Senna foi um homem, este é o principal ponto focado no documentário. Ele não era um deus ou um super-humano. Ele tinha fraquezas, ele errava e por diversas vezes se viu em situações ruins porque teve de lutar contra o sistema ou foi cabeça dura demais para aceitar alguns fatos da vida. Sua disputa com Prost no início de carreira mostra isso. Ele lutava contra o campeão e achava que poderia sair totalmente ileso, o que não ocorreu no fim das contas.

Em termos de experiência cinematográfica, a direção de Asif Kapadia, roteiro de Manish Pandey e produção de James Gay-Rees, Tim Bevan e Eric Fellner usam de diversas imagens de arquivo liberadas pela família e FIA para mostrar como era a pessoa Ayrton Senna e contra o que ele tinha de lutar para não só ser campeão mundial, mas também ganhar espaço entre a elite do automobilismo mundial. Assistir suas vitórias para os que eram fãs e os momentos finais de sua vida trazem lágrimas aos olhos, especialmente com a bela edição de imagens e depoimentos usados.

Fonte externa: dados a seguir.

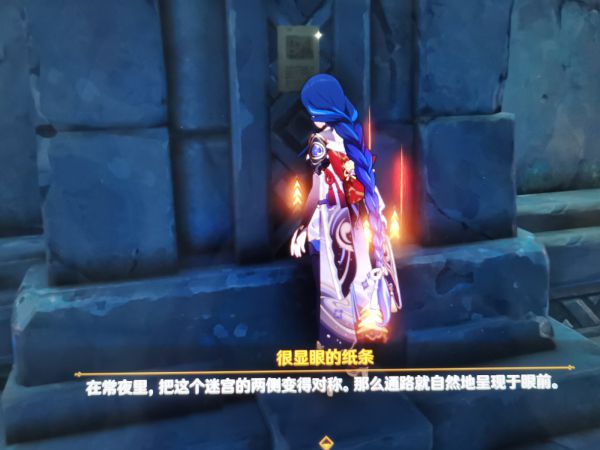我们开启大门后直接进入看见“华丽的宝箱”,华丽的宝箱上方纸条提醒我们完成此迷宫需要“对称”
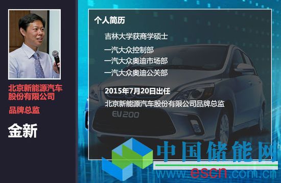 中國儲能網(wǎng)訊:憑借在公共服務領域及私人消費市場的雙重發(fā)力,北汽新能源純電動汽車2015年1-6月銷量達到6216輛,同比增長1493.85%,位列國內(nèi)純電動車銷量排行首位。未來,北汽新能源把目標定位國內(nèi)第一,國際領先的新能源汽車制造商,若想取得這樣的成績,離不開產(chǎn)品的宣傳以及客戶服務。近日,網(wǎng)通社從北汽新能源官方了解到:原一汽大眾奧迪公關(guān)經(jīng)理金新現(xiàn)已加盟北汽新能源,任北汽新能源品牌總監(jiān)一職,而原品牌總監(jiān)胡恩平調(diào)任華南事業(yè)部總經(jīng)理。
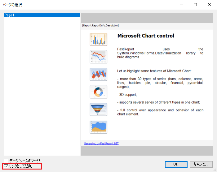 リンクによるレポート ページの追加
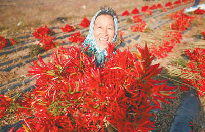 把广大农民对美好生活的向往化为推动乡村振兴的动力,切实落实强农惠农富农政策。图为2019年10月,辽宁省法库县秀水河子镇长岗子村村民喜获辣椒丰收。
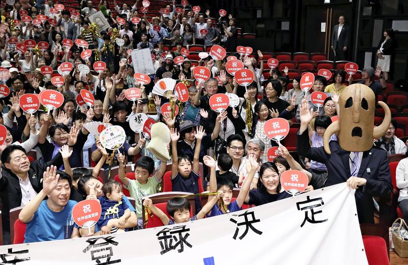 People react in joy at a public venue in Sakai, Osaka Prefecture, on Saturday, along with Haniwa Kacho -- a city mascot modeled after a brown clay burial figurine -- when hearing of the addition of the Mozu-Furuichi tumulus clusters to the World Cultural Heritage List. UNESCO's World Heritage Committee decided to include the group of ancient tombs in the prefecture in the list at its meeting in Baku on the day.
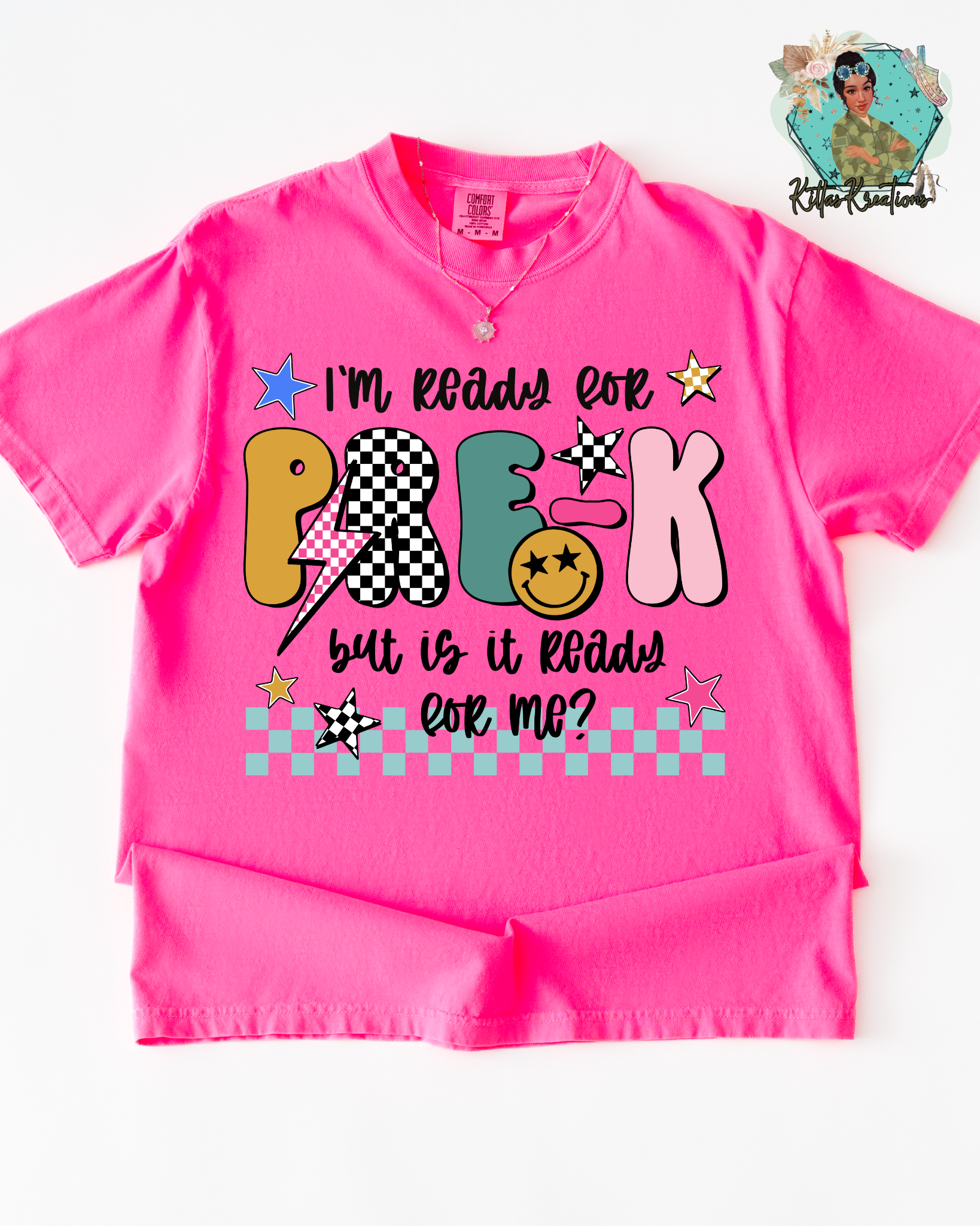 Neon Pink comfort colors t-shirt with your Childs grade heat pressed on. Refer to the size chart for measurements to ensure an accurate fit.

A edição de imagens cria realmente uma bela timeline mostrando não só as vitórias, mas os bastidores entre algumas das corridas mais importantes do piloto, desde cenas em família até no paddock e as conferências dos pilotos pré-corrida, entre elas, algumas nunca antes divulgadas ao público e que mostram o quanto a categoria era muito mais empolgante na época em que o piloto era mais importante do que a máquina. Outro mérito é pegar fontes de todos os lados, especialmente a família e comentaristas de F-1 (o brasileiro Reginaldo Leme entre eles) para falar de tudo aquilo que a televisão não nos passava nos sábados e domingos.

Se hoje em dia a F-1 perdeu a emoção, grande parte se deu devido ao aumento da preocupação com a segurança dos pilotos graças à morte de Senna, o último homem a morrer dirigindo um F-1 e talvez aquele que mais inspirou à grandeza todos aqueles que eram seus fãs, amigos e familiares. Senna era um exemplo, não por ser perfeito, mas por saber que tinha suas falhas e lutar a cada dia contra elas, reconhecendo-as em si mesmo após as reconhecer.

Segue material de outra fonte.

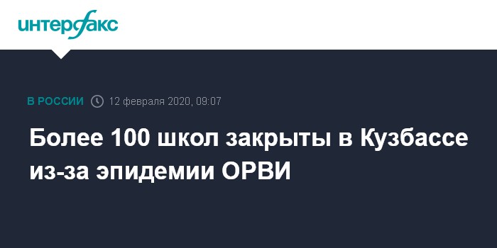 Москва. 12 февраля. INTERFAX.RU - Превышение эпидемиологического порога по ОРВИ и гриппу на 17% в Кузбассе стало причиной закрытия на карантин более 100 школ и детских садов в нескольких населенных пунктов региона, сообщили "Интерфаксу" в пресс-службе управления Роспотребнадзора по Кемеровской области в среду.
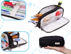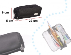 A practical 3‑in‑1 school case with a triple compartment that holds all essential writing supplies and also works as a cosmetic bag or travel organizer. Made of durable polyester, it has compact dimensions and a zip closure to keep small items secure.
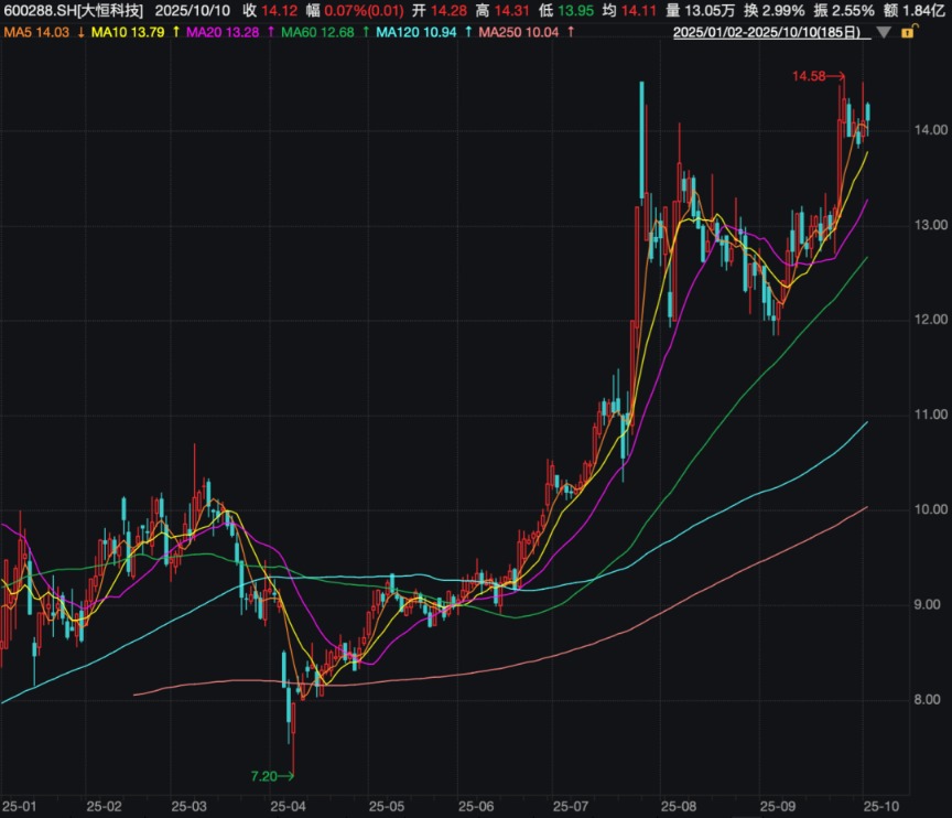 从股价表现来看,在今年8月初拍卖结果公布后,大恒科技股价单日下跌8.71%,但后一日又涨停,9月以来该股迎来一波上涨。截至10月10日,大恒科技报收于14.12元/股,今年以来涨幅达到65.34%,最新总市值为62亿元。
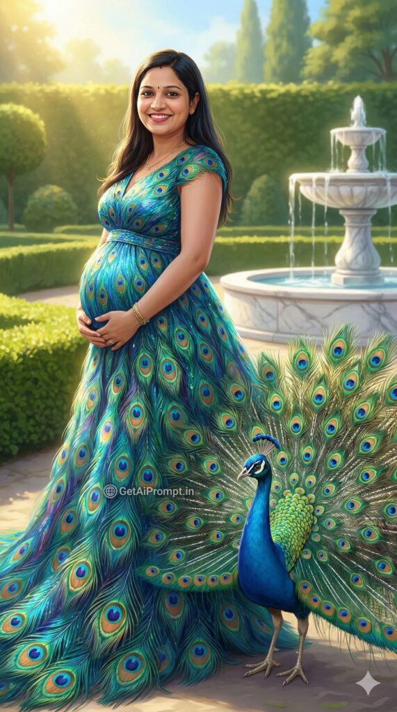 [CRITICAL: ensure the subjects have a 100% identical facial structure, skin tone, and features as the reference image provided] [SHOT TYPE: Artistic fantasy portrait] [SUBJECT:] A pregnant woman wearing a gown made of iridescent peacock feathers (Blues, Greens, Teals). [ACTION:] She is standing in a garden, and a real peacock is standing next to her with its feathers fanned out, mimicking the curve of her dress. [BRANDING:] One of the "eyes" on the peacock feather train subtly morphs into the circular logo of "GetAiPrompt.in". [ENVIRONMENT:] A royal garden with manicured hedges and a marble fountain. [LIGHTING:] Sunlight hitting the iridescent feathers, creating a shimmering effect of blues and greens. [TECH SPECS:] Fantasy art style, high saturation, sharp focus, intricate feather details, 8K resolution. --ar 9:16
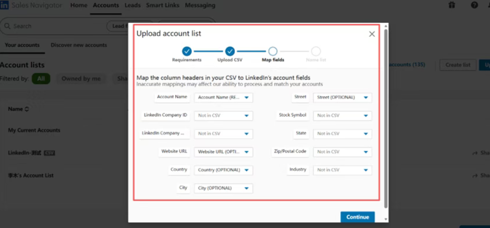 你可以把已经整理好的 公司清单(Account List) 直接导入 LinkedIn。这些公司名单可以来自 CRM、过往客户、展会名录,甚至是第三方数据库。只要包含公司名称、官网、城市或地区等基础信息,LinkedIn 就能自动在自己的数据库中进行匹配,判断这些公司是否拥有可用的企业主页。
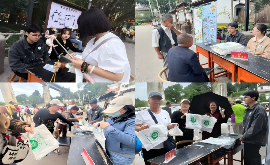 当天下午,“旅行团”成员们来到婺源县李坑景区,协助景区工作人员清理垃圾、为游客提供引导和帮助。环卫李大叔说:“你们年轻人能有这么强烈的环保意识和行动,很了不起!”团队以实际行动传播绿色理念,呼吁人们共同守护美丽的自然环境。

O legado de Senna permanece até hoje através do Instituto fundado por ele e sua irmã e seguirá ajudando milhões e milhões de crianças do Brasil, sem ter necessidade de sucumbir à politicagem e a máquina governamental, sendo reconhecido pela UNESCO para a Cátedra de Educação e Desenvolvimento Humano, uma das maiores honras que uma ONG poderia receber de um órgão das Nações Unidas.